The nature of the agreement between the parties was exclusively to be settled in hard currency and to be deposited into a Nostro account registered in Cambria’s name in a Zimbabwean bank. But Nemchem has been refusing preferring to settle the outstanding amount in Zimbabwe
In his judgment this week for case number HC 235/18 HMT 55/19, High Court’s Justice Isaac Muzenda said: “The defendant is ordered to pay plaintiff the sum of US$31 400.
Interest thereon at the prescribed rate of interest per annum from January 19, 2018 to the date of payment in full and final settlement and cost of suit ordinary scale.”
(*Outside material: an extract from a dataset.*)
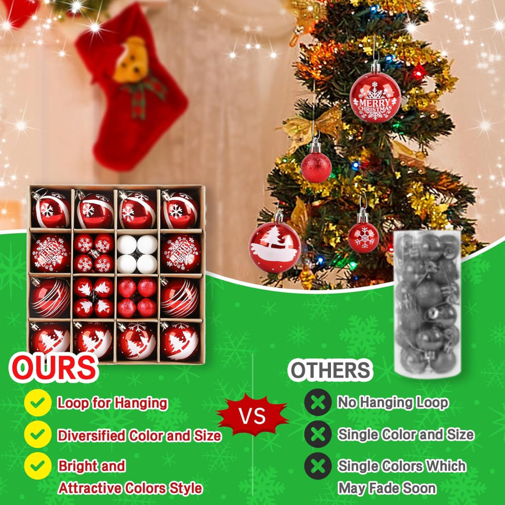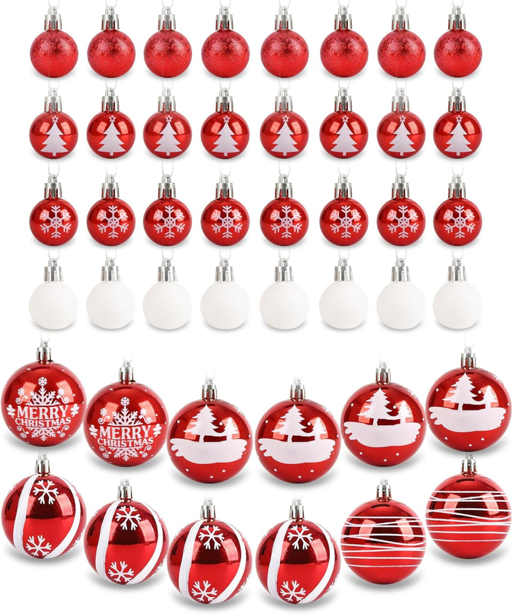 ilauke Karácsonyi Gömb Szett 44 Darab Piros Fehér Műanyag 3-6 cm Dekoráció
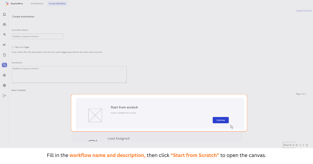 Step 1: Access the Workflow — From your Kapitalwise dashboard, click the Workflow icon in the left navigation panel. Click "Create Workflow" then "Start from Scratch" to open the workflow canvas.

This is the first time a judgment of this nature has been passed since the introduction of Statutory Instrument 142 of 2019 which banned the use of foreign currencies for transacting purposes in Zimbabwe, leaving the Zimbabwe dollar as the sole legal tender in the country.
This could open the floodgates of lawsuits from contracting parties who entered agreements of sales in United States dollars.
It is understood that the defendant, Nemchem International paid US$6 347 on unspecified date. A further US$8 600 payment was made two years later in 2018, leaving a balance of US$31 400. A misunderstanding arose pertaining to interest to be paid which accumulated to US$40 000 as per the agreement signed in September 2017. The issue was further
complicated by another case where the two parties where the defendant was involved in a deal involving Leopard Rock Hotel, a facility linked to Cambria Africa.
Since then, Nemchem International, however, has been refusing to pay the balance plus compound interest in US dollars. Instead, Nemchem wanted to pay the outstanding balance in Zimbabwe dollars, prompting the plaintiff to approach the High Court in order to force the defendant to pay the balance and interest in greenback.
Under the Statutory Instrument 33 of 2019, government in February this year introduced the RTGS dollars as a currency to operate side by side with the bond note and coin as a form of settlement currency in Zimbabwe, joining a basket of multi-currencies.
In June, government banned the use of multi-currency, leaving the Zimbabwe dollar as the sole legal tender in Zimbabwe under SI 142 of 2019. This is the instrument the defendant wanted to take advantage of. They said there a “supervening impossibility”. But, SI 142 of 2019, does not bar the defendants from depositing the balance into the plaintiff’s Nostro account. However, payment made in Zimbabwe during transactions should be in local or domestic currency.
The judge noted that the outstanding balance was supposed to be paid by March 31,2016 and the parties agreed that the term sheet was a legal binding document and accurately recorded the intentions of the parties.